Movies & The Chicago Theatre
Teen Wolf, starring Michael J. Fox was the last regular film shown here in 1984 before the theatre closed for a major restoration.
Besides showing movies we have also been in them: Mezzanine box A is where Robert DeNiro sat in the movie “The Untouchables”, portaying Al Capone.
We were also featured in Backdraft, Batman, Midnight Run & Blues Brothers 2000. Ironically the 2002 Oscar winning film “Chicago” was not filmed here, only our marquee was featured (the movie itself was filmed in Toronto).
Scandal at The Chicago Theatre!
In 1923 The Chicago Theatre’s organist, Jesse Crawford (also known as the ‘Poet of the Organ’), married Roosevelt Theatre’s organist, Helen Anderson. The scandal? Mr. Crawford was already married & had left his wife for Miss Anderson!
As a public relations ploy, B&K responded to this in 1924 and installed a second console so the husband and wife team could play together simultaneously. The idea of witnessing a couple involved in public scandal became a sensation among Chicagoans!
See where they played and find out more behind the scenes history by taking our Marquee tour.
Musical Instrument a City Landmark?
Our Wurlitzer Piper Organ has been granted city landmark status unto itself, the first musical instrument having attained such a status.
There are 4 manuals (keyboards), 29 ranks (pipes divided by types of sound) and over 1800 pipes ranging in size from a pencil to 32 feet.
There is also a custom special effects panel which includes a siren, buzzer, train, doorbell, klaxon and a bird, which were used as the organ accompanied silent films.
"America’s Most Efficient Ushers"
In 1921 B&K desired the most prominent staff and ushers had to “come from good families and be of good breeding” as well as “be able to handle large crowds without excitement or fuss”.
All ushers went through strict training and were put through military style daily inspections and wore military style uniforms with white gloves (above).
Today ushers sport a new design after a competition at the Chicago Art Institute.
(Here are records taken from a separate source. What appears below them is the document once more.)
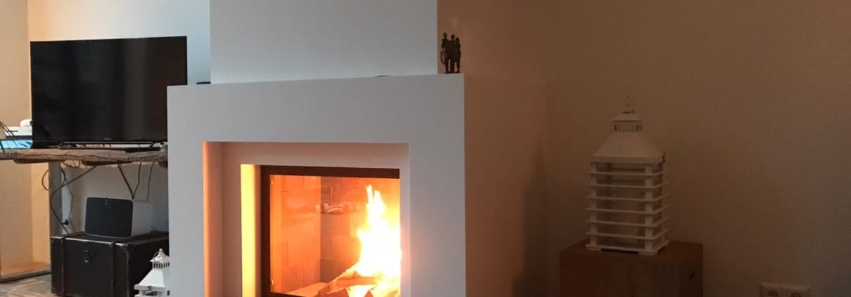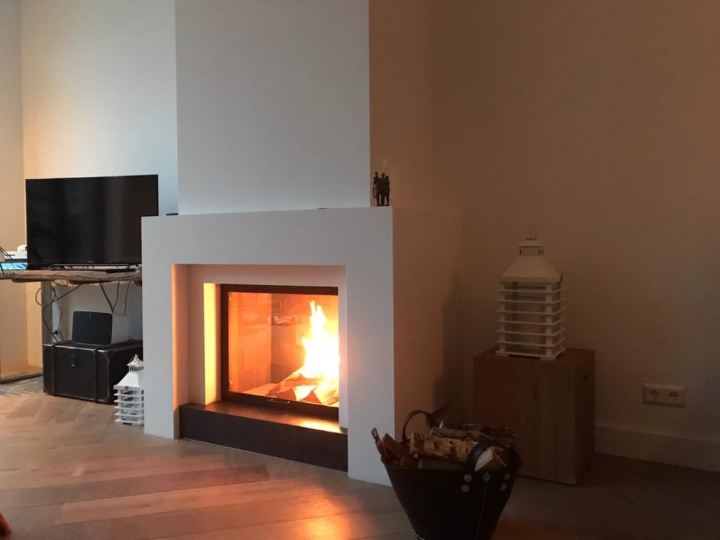 Bij Jaap-Steven en Aimée mochten wij in hun nieuwgebouwde riante herenhuis deze houthaard van Totem plaatsen ingekleed in een modern gestucte schouw.
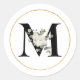 Sticker Rond Élégante lettre M florale blanche M sur blanc
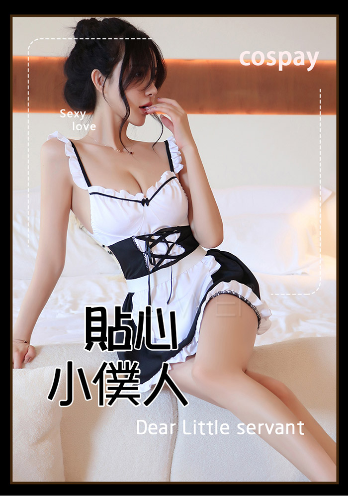►您現在的位置:首頁>蜜琪花園.性感露背露翹臀荷葉邊圍裙女僕套裝2件組
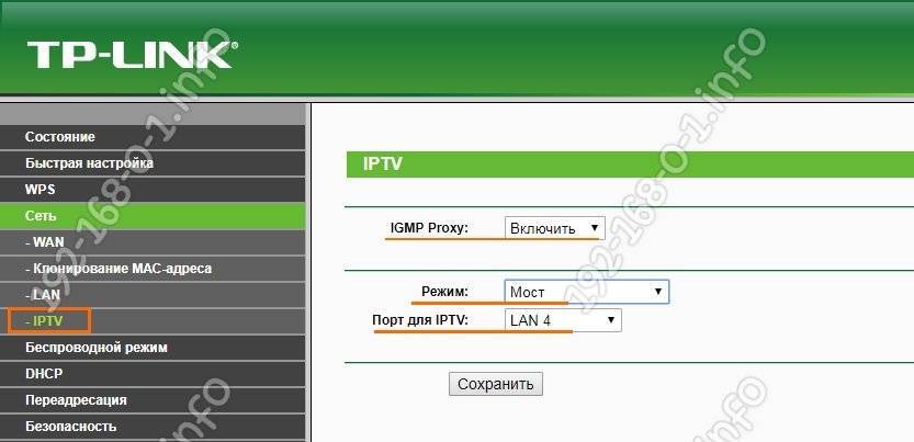 5. Сохраните настройку IPTV на роутере TP-Link нажав кнопку «Сохранить».
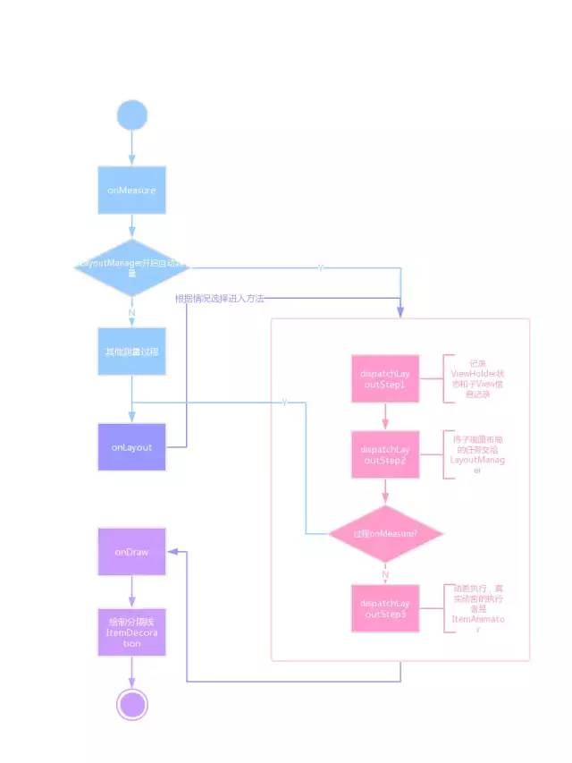 }void dispatchLayout() {if (this.mAdapter == null) {// ...} else if (this.mLayout == null) {// ...} else {this.mState.mIsMeasuring = false;// 根据当前State的不同执行不同的流程if (this.mState.mLayoutStep == STEP_START) {this.dispatchLayoutStep1();this.mLayout.setExactMeasureSpecsFrom(this);this.dispatchLayoutStep2();} else if (!this.mAdapterHelper.hasUpdates() && this.mLayout.getWidth() == this.getWidth() && this.mLayout.getHeight() == this.getHeight()) {this.mLayout.setExactMeasureSpecsFrom(this);} else {this.mLayout.setExactMeasureSpecsFrom(this);this.dispatchLayoutStep2();}this.dispatchLayoutStep3();}
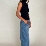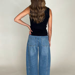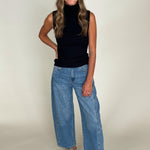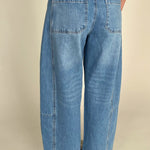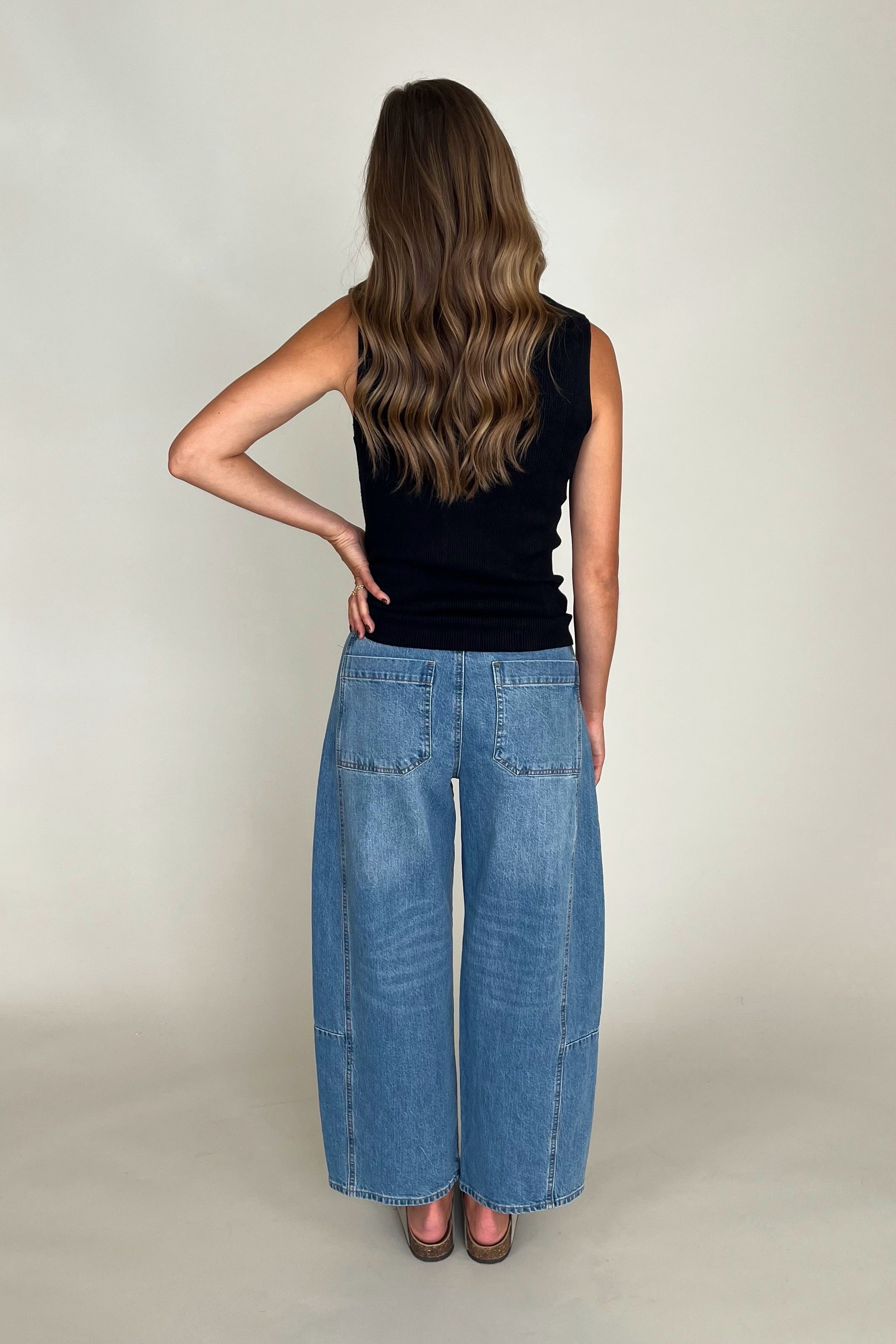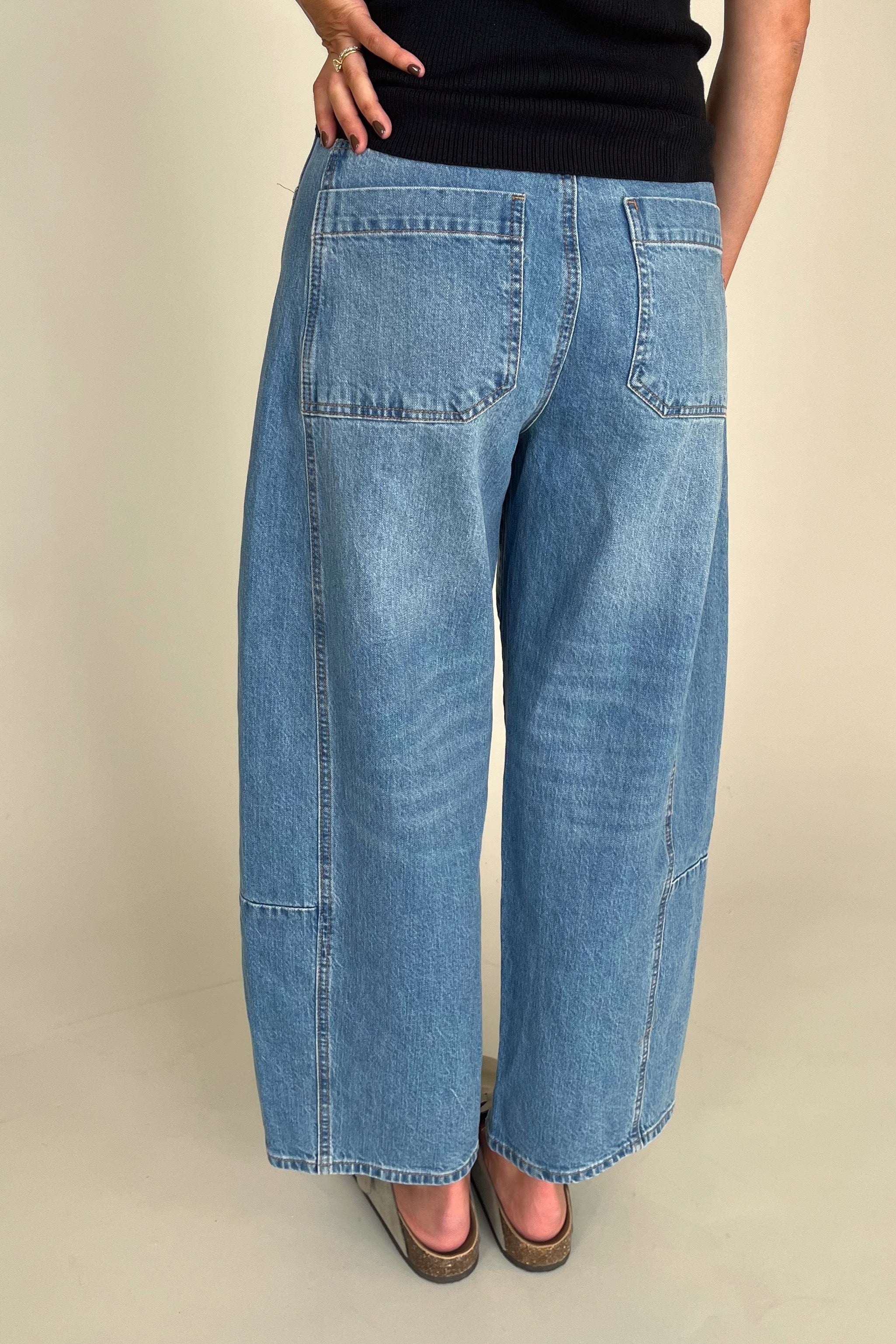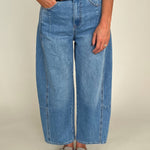 Our best selling jean! Cropped cut barrel jean - curves outward at hips, hangs loose through leg with slight taper at ankle.

See the winning designs by attending one of our many shows! http://www.thechicagotheatre.com/
A Change In Scene
Inside The Chicago Theatre auditorium you may view hand painted Greek murals. These murals are not original to the theatre, but we painted in 1932-1933 to replace French country scenes in preparation for the coming 1933 Chicago World’s Fair. It was thought that Greek Mythology was more universally themed and appropriate. The center mural, which resides over the stage, is Apollo in his Chariot of the Sun.
The Balaban and Katz business crest can be seen in the stain glass window in the Grande Lobby of The Chicago Theatre. Circled around the ‘B’ and ‘K’ initials are two steeds holding ribbons of 35mm film encircled by pick up reels.
All but one glass pane are originals (from 1921). A single glass pane had to be replaced after it was taken out during a mob shooting. It is rumored that infamous gangster Al Capone was the culprit.
On September 10, 1986 The Chicago Theatre began live performances featuring Frank Sinatra as our first artist. Before leaving the theatre Sinatra left his mark, a signature on one of our backstage walls. This started a long lasting tradition as many performers have since placed their stamp via signature and murals. Check out the signature album on our Facebook page or see them in person by taking our Marquee Tour.
In the early 1900s film was considered low brow entertainment. Other fine arts such as symphony and opera were housed in beautiful venues but silent films were often viewed on white sheets draped over storefronts. In order to raise the movie presentation to a fine art the “Movie Palace Era” of the 1920s came into play and The Chicago Theatre is considered the oldest and best example.
On opening night our silent film was “The Sign on the Door” starring normal Talmadge, plus a comedy short called “The Playhouse” starring Buster Keaton. For .25 cents you could see both shows, an organ concert, a 50 piece orchestra concert and various vaudeville acts.
Think of film today. Do you consider movies a “fine art”?
See where it says “air conditioned” under the famous Chicago Theatre marquee? We were the first mechanically air conditioned movie theatre. Chicago’s Health Commissioner claimed we had the “Purest Air in America” and B&K capitalized on that by allowing pregnant women in their final trimester or anyone with lung disease to be admitted free.
Today we would be known as “Coldest Air in America” because my office is below 60 degrees!